We can contrast shallow knowledge with deep knowledge. A student with deep knowledge knows more about the subject, and the pieces of knowledge are more richly interconnected.The student understands not just the parts but also the whole. This understanding allows the student to apply the knowledge in many different contexts, to talk about it in different ways, to imagine how the system as a whole would change if one part of it changed, and so forth. A student with deep knowledge of Cavalier poetry would be able to recognize elements of Cavalier ideals in other literatures, such as ancient Chinese poetry, even though the two forms seem very different on the surface. In addition, the student would be able to consider what-if questions, such as “What might Cavalier poetry have been like if the political situation in England had changed?” They can think through this sort of question because the pieces of their knowledge are so densely interconnected. They are interrelated like the parts of a machine, and the what-if question suggests the replacement of one part with another. Students with deep knowledge can predict how the machine would operate if one part were to be changed. 

Obviously teachers want their students to have deep knowledge, and most teachers try to instill it.Why then would students end up with shallow knowledge? One obvious reason is that a student just might not be paying attention to the lesson.The mention of “rosebuds” makes a student think about the time she fell off her Razor Scooter into the neighbor’s rose bush, and the rest of the poem is lost on her.There are other, less obvious reasons that students might end up with shallow knowledge. 

Here’s one way to think about it. Suppose you plan to introduce the idea of government to a first-grade class.The main point you want students to understand is that people living or working together set up rules to make things easier for everyone. You will use two familiar examples—the classroom and students’ homes—and then introduce the idea that there are other rules that larger groups of people agree to live by. Your plan is to ask your students to list some of the rules of the classroom and consider why each rule exists.Then you’ll ask them to list some rules their families have at home and consider why those rules exist. Finally, you’ll ask them to name some rules that exist outside of their families and classroom, which you know will take a lot more prompting.You hope your students will see that the rules for each group of people—family, classroom, and larger community—serve similar functions.

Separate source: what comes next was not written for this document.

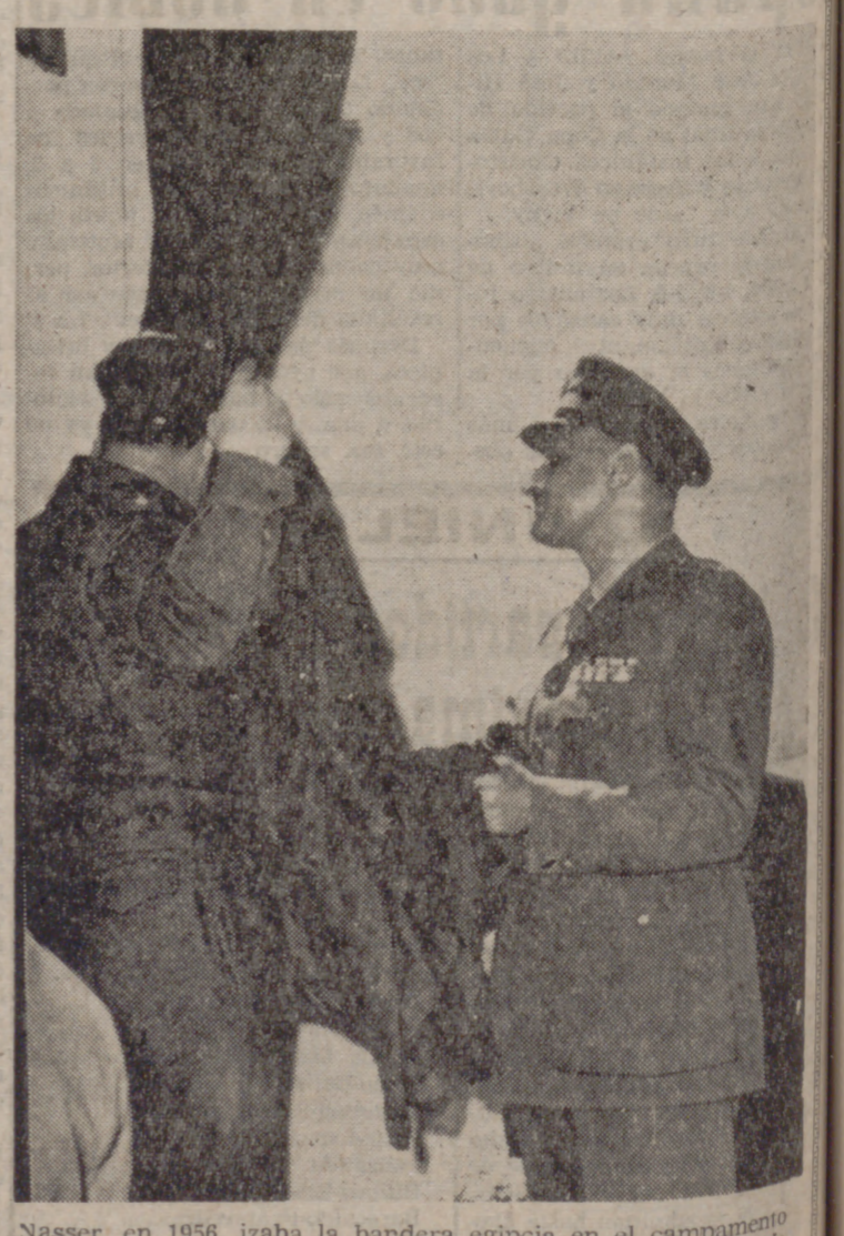
Nasser, en 1956, izaba la bandera egipcia en el campamento de Shalufa, primera de las bases del Ejército británico en la zona de Suez. Dieciséis años después de su mayor victoria, su recuerdo comienza a pasar al olvido.

En la mezquita de Al-Fateh, a la que ya no llegan delega-

A student with rote knowledge might later report,“Government is like a classroom because both have rules.”The student has no understanding of what properties the two groups have in common.The student with shallow knowledge understands that a government is like a classroom because both groups are a community of people who need to agree on a set of rules in order for things to run smoothly and to be safe.The student understands the parallel but can’t go beyond it. So for example, if asked,“How is government different from our school?” the student would be stumped. A student with deep knowledge would be able to answer that question, and might successfully extend the analogy to consider other groups of people who might need to form rules, for example, his group of friends playing pickup basketball.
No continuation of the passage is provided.